MMPace - ein hefezellbasierter Bioassay zur Hochdurchsatz-Testung spezifischer Inhibitoren gegen humane Matrix-Metalloproteasen

Abstract

Diverse Krankheitsbilder, wie Diabetes mellitus, Arthritis oder Krebs, gehen häufig mit einer fehlerhaften Regulation von Matrix-Metalloproteasen, insbesondere MMP-2 und MMP-9, einher. Die Validierung neuartiger Hemmstoffe wird vor allem durch den hohen Kostenaufwand bei der Isolierung der benötigten MMPs aus Tumor-Zelllinien oder Fibroblasten erschwert. Vor diesem Hintergrund wurde in der vorliegenden Arbeit ein zellbasierter MMP-Bioassay für ein Hochdurchsatz-Screening nach potentiellen Inhibitoren etabliert, der auf der heterologen Expression und Immobilisierung von MMP-2 und MMP-9 auf der Zellwand von Hefen basiert. Zur Identifikation eines geeigneten Expressionswirts wurden die humanen Gelatinasen in den Hefen K. lactis, P. pastoris, S. cerevisiae, S. pombe und Z. bailii zur Sekretion gebracht. Dabei war P. pastoris als einziger Organismus in der Lage, beide MMPs in ausreichend hoher Qualität als biologisch aktive Enzyme zu produzieren. Im Rahmen vergleichender Experimente zur Zellwand-Expression in P. pastoris konnte mit Sed1p aus S. cerevisiae ein hoch effizientes, neuartiges Zelloberflächen-Expressionssystem für P. pastoris identifiziert werden, das die für S. cerevisiae maximal erreichbare Immobilisierungs-Effizienz um den Faktor 6,7 übertrifft. Die Anpassung eines kommerziell erhältlichen Gelatinase-Assays an die Anforderungen eines zellbasierten Systems ermöglichte einen quantitativen Vergleich der Hemmstoff-Wirkungen durch ein einfaches, standardisiertes Messverfahren.

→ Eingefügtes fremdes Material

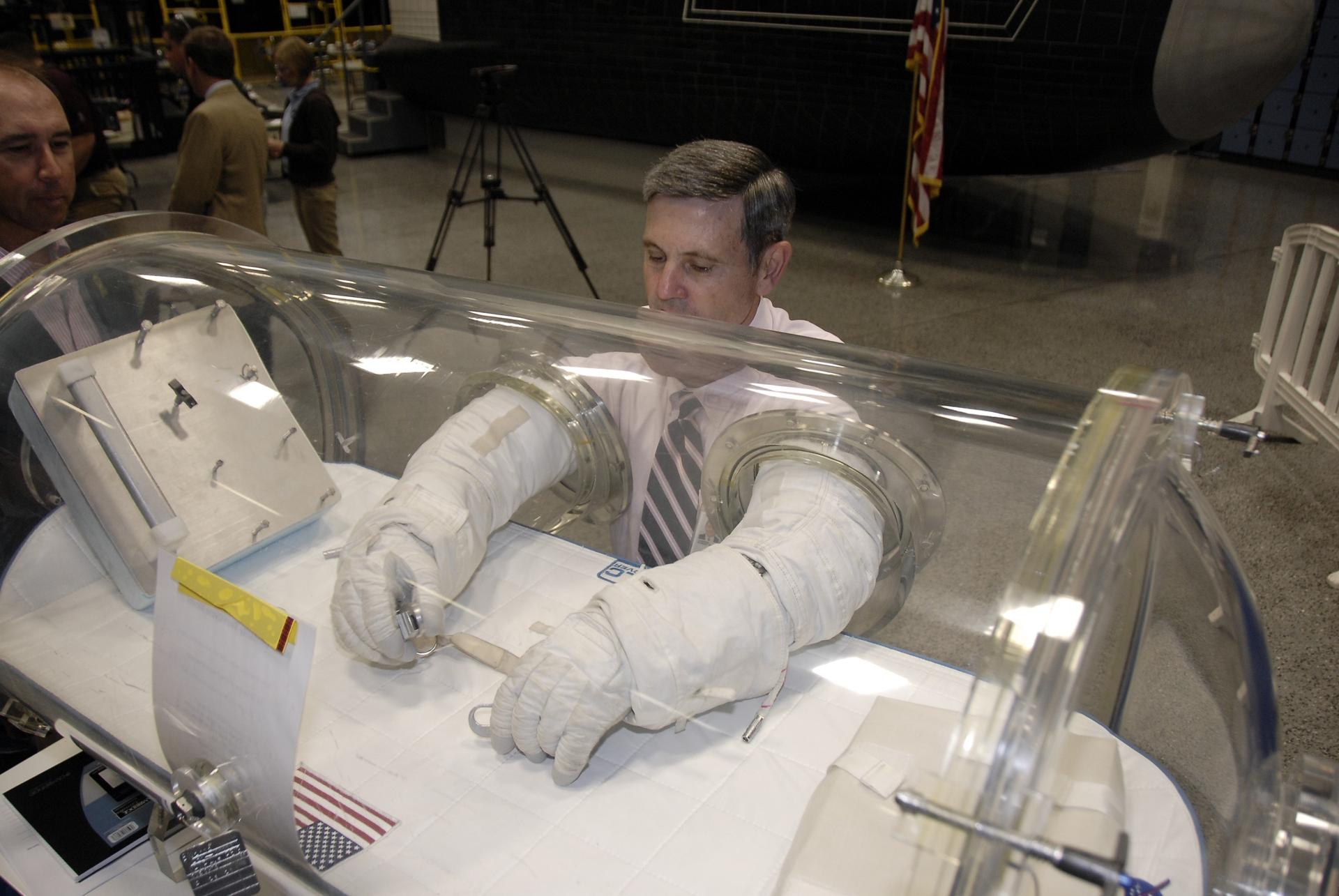 CAPE CANAVERAL, Fla. – At the Astronaut Hall of Fame near NASA’s Kennedy Space Center in Florida, Kennedy Director Bob Cabana, a former astronaut, tries out a pair of space gloves for their dexterity and flexibility in a glove box at the 2009 Astronaut Glove Challenge, part of NASA’s Centennial Challenges Program. The nationwide competition focused on developing improved pressure suit gloves for astronauts to use while working in space. During the challenge, the gloves were submitted to burst tests, joint force tests and tests to measure their dexterity and strength during operation in a glove box which simulates the vacuum of space. Centennial Challenges is NASA’s program of technology prizes for the citizen-inventor. The winning prize for the Glove Challenge is $250,000 provided by the Centennial Challenges Program. Photo credit: NASA/Kim Shiflett

A wide range of diseases, such as diabetes mellitus, arthritis and, most of all, cancer, goes along with malfunctions in the regulation of matrix metalloproteinases, especially MMP-2 and MMP-9. The invention and validation of novel inhibitors is often slowed down by the high costs of MMP purification from human tumor cell lines or primary fibroblasts. In view of this background, an innovative cell based MMP bioassay was invented to enable a high throughput screening for potential MMP inhibitors. This method is based on the heterologous expression and immobilization of MMP-2 and MMP-9 on the cell surface of yeast. To identify an appropriate expression host, the human gelatinases were expressed as secretory proteins in the yeasts Kluyveromyces lactis, Pichia pastoris, Saccharomyces cerevisiae, Schizosaccharomyces pombe and Zygosaccharomyces bailii. P. pastoris appeared to be the only organism capable of producing both MMPs in sufficiently high quality. Comparative studies on cell surface expression considering S. cerevisiae cell wall proteins revealed Sed1p as being a novel and highly efficient carrier system for cell surface display in P. pastoris that exceeded immobilization efficiency of S. cerevisiae by the factor 6.7. A commercial gelatinase assay was adapted to match the requirements of a cell based system, thus providing an efficient tool for quantification of MMP inhibitor activities via a simple, standardized bioassay.